Long running jobs cause "Distributed Lock Timeout Exception", and multiple instance of the same job

Tags: #<Tag:0x00007f7b5c63a540> #<Tag:0x00007f7b5c63a450>

Hello,
I’ve been struggling with this issue for a while now. I have a Hangfire background job that has the potential to run for a very long time (18+ hours) until it’s completed. However, at some point in the middle of the job running I get a DistributedLockTimeoutException and then the job starts again as a duplicate job that causes a duplicate record in the database.

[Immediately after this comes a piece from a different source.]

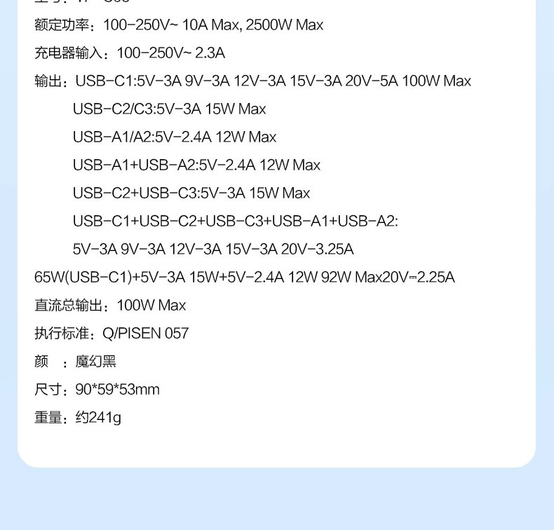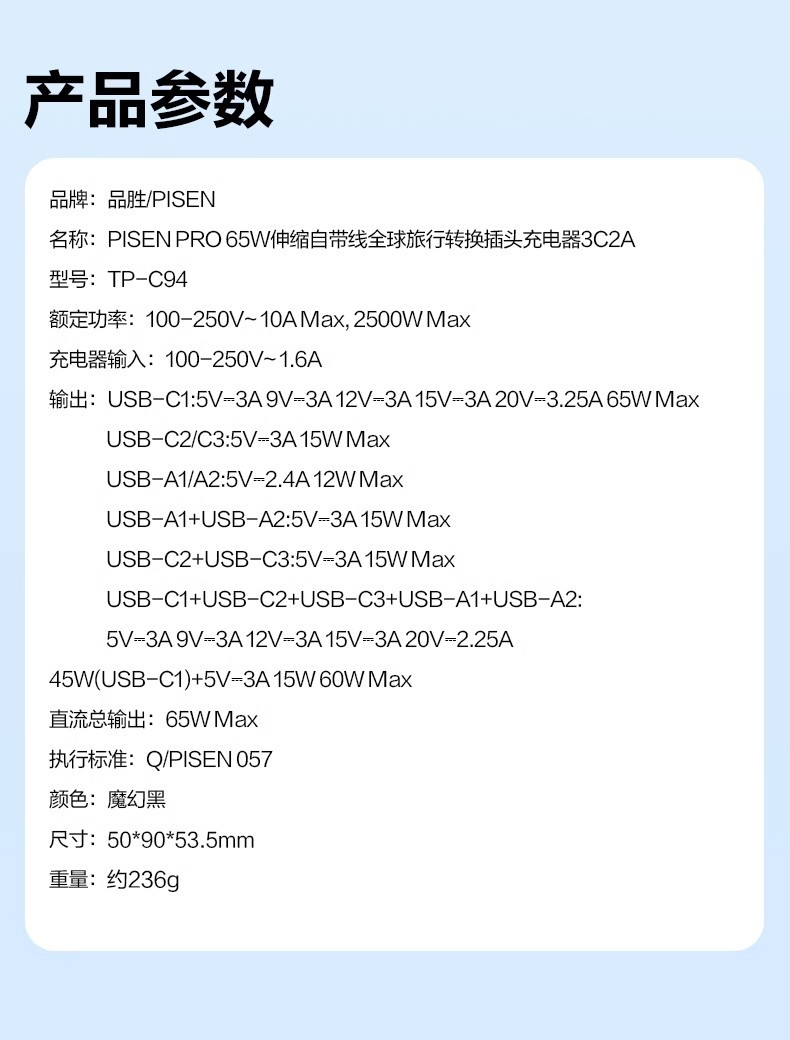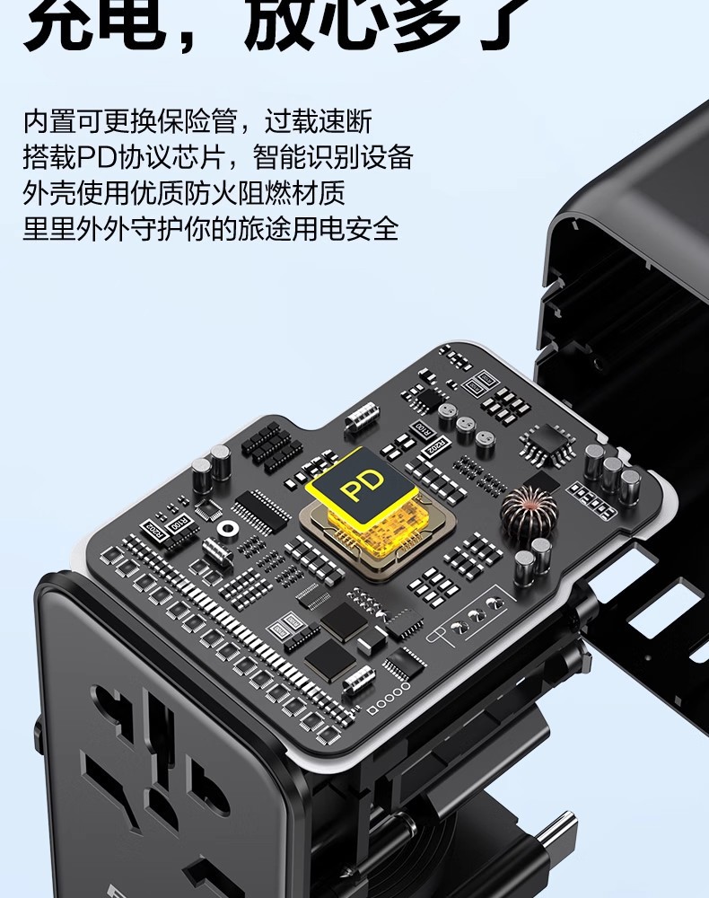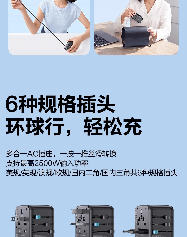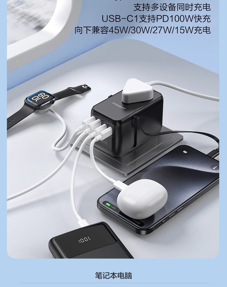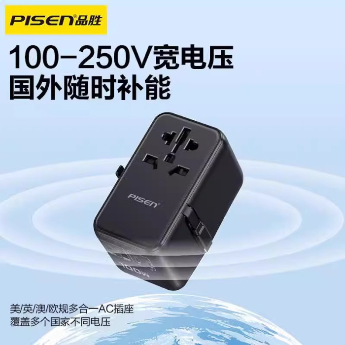 品勝快充轉換插頭100W多功能快充轉換器旅行全球通轉換插座一轉六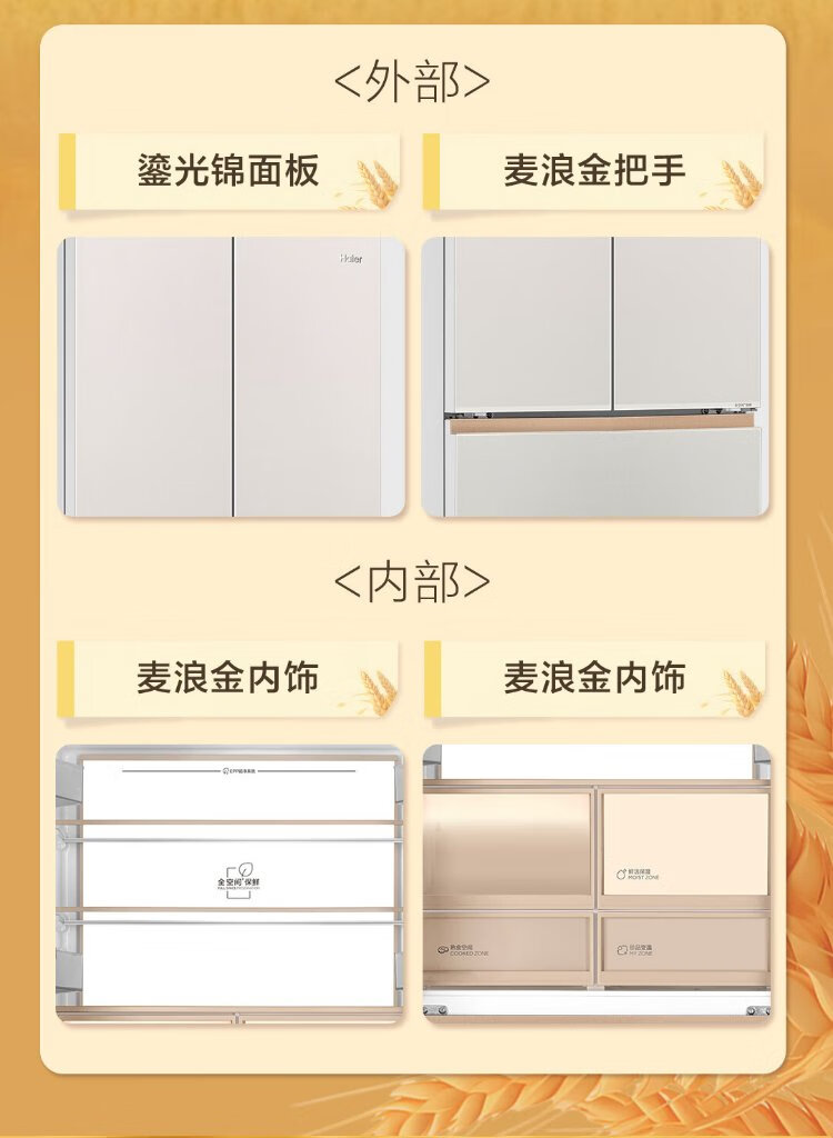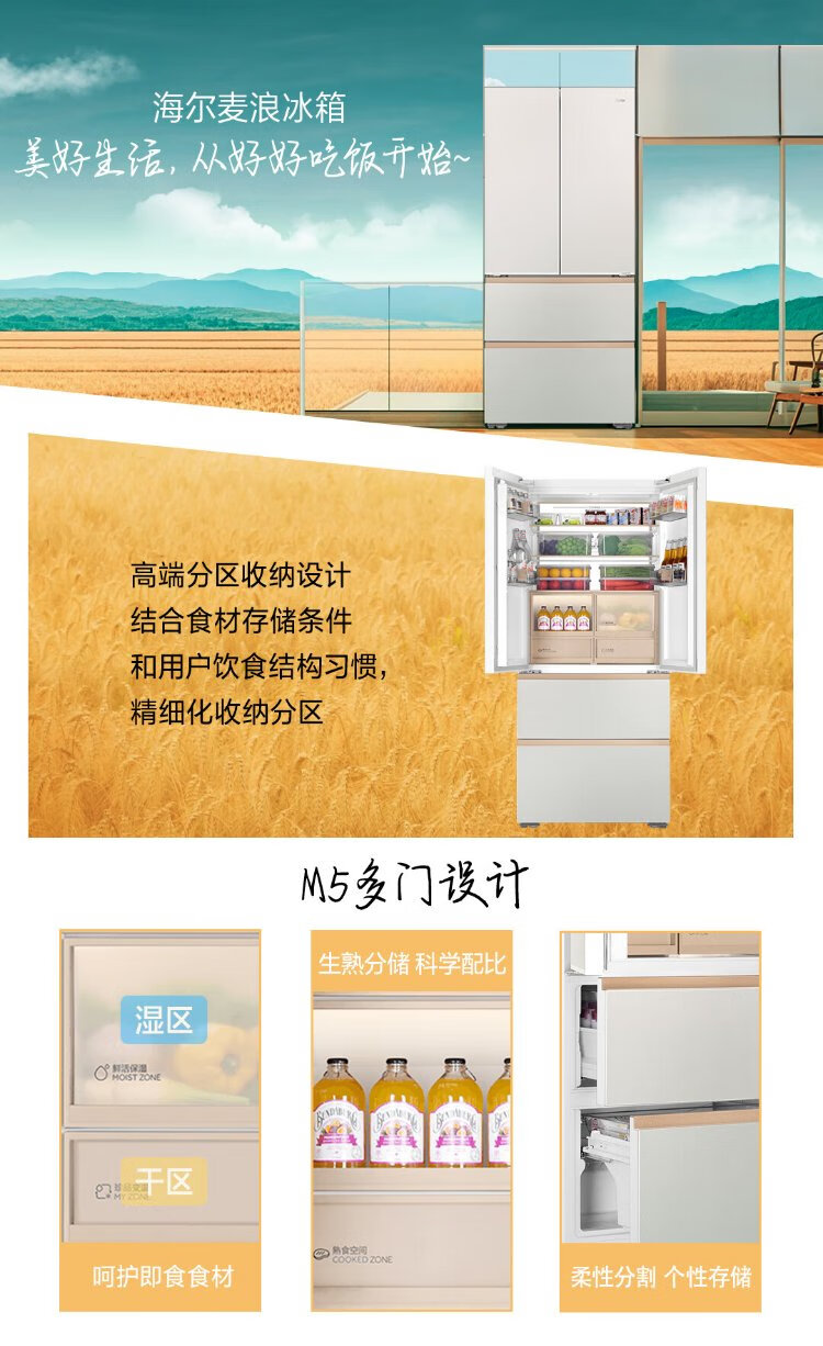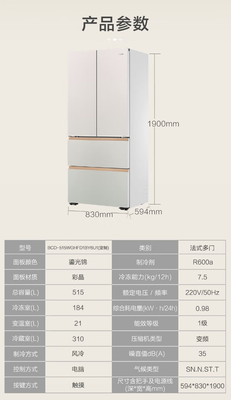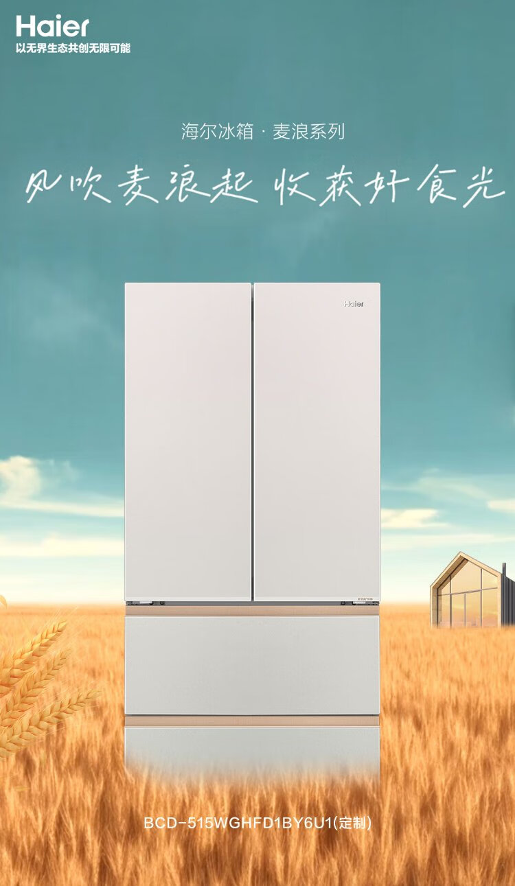 Haier Mailang 515L French door refrigerator ultra-thin zero-embedded full-space fresh-keeping technology EPP ultra-clean system BCD-515WGHFD1BY6U1 (customized) national subsidy

The number of duplicate jobs seems to correspond to the number of Workers in the particular server that the job is running under.

I’ve tried several of the suggestions posted here and elsewhere in my Google search , such as setting DisableConcurrentExecution and playing around with setting Time-Outs in the SqlServerStorageOptions to no avail. I’ve also tried other users’ codes such as SkipConcurrentExecution and MaximumConcurrentExecutions.

SkipConcurrentExecution is the closest I’ve gotten to a solution, however, if it encounters the distributed timeout exception it just stops the job in the middle whereas I want it to somehow ignore the exception and continue to the end of the job.

I’m using the latest version of Hangfire (1.7.24) for ASP.NET Core 2.2. I’ve noticed that a lot of people have had this issue, but I haven’t found a solution. I’d appreciate some suggestions on how to fix this issue.

This is what I have in my ConfigureServices section:
GlobalConfiguration.Configuration
.UseSqlServerStorage(Configuration.GetConnectionString(“DB”), new SqlServerStorageOptions
{
CommandBatchMaxTimeout = TimeSpan.FromMinutes(30),
SlidingInvisibilityTimeout = TimeSpan.FromMinutes(5),
QueuePollInterval = TimeSpan.Zero,
UseRecommendedIsolationLevel = true,
DisableGlobalLocks = true,
CommandTimeout = TimeSpan.FromMinutes(30),
});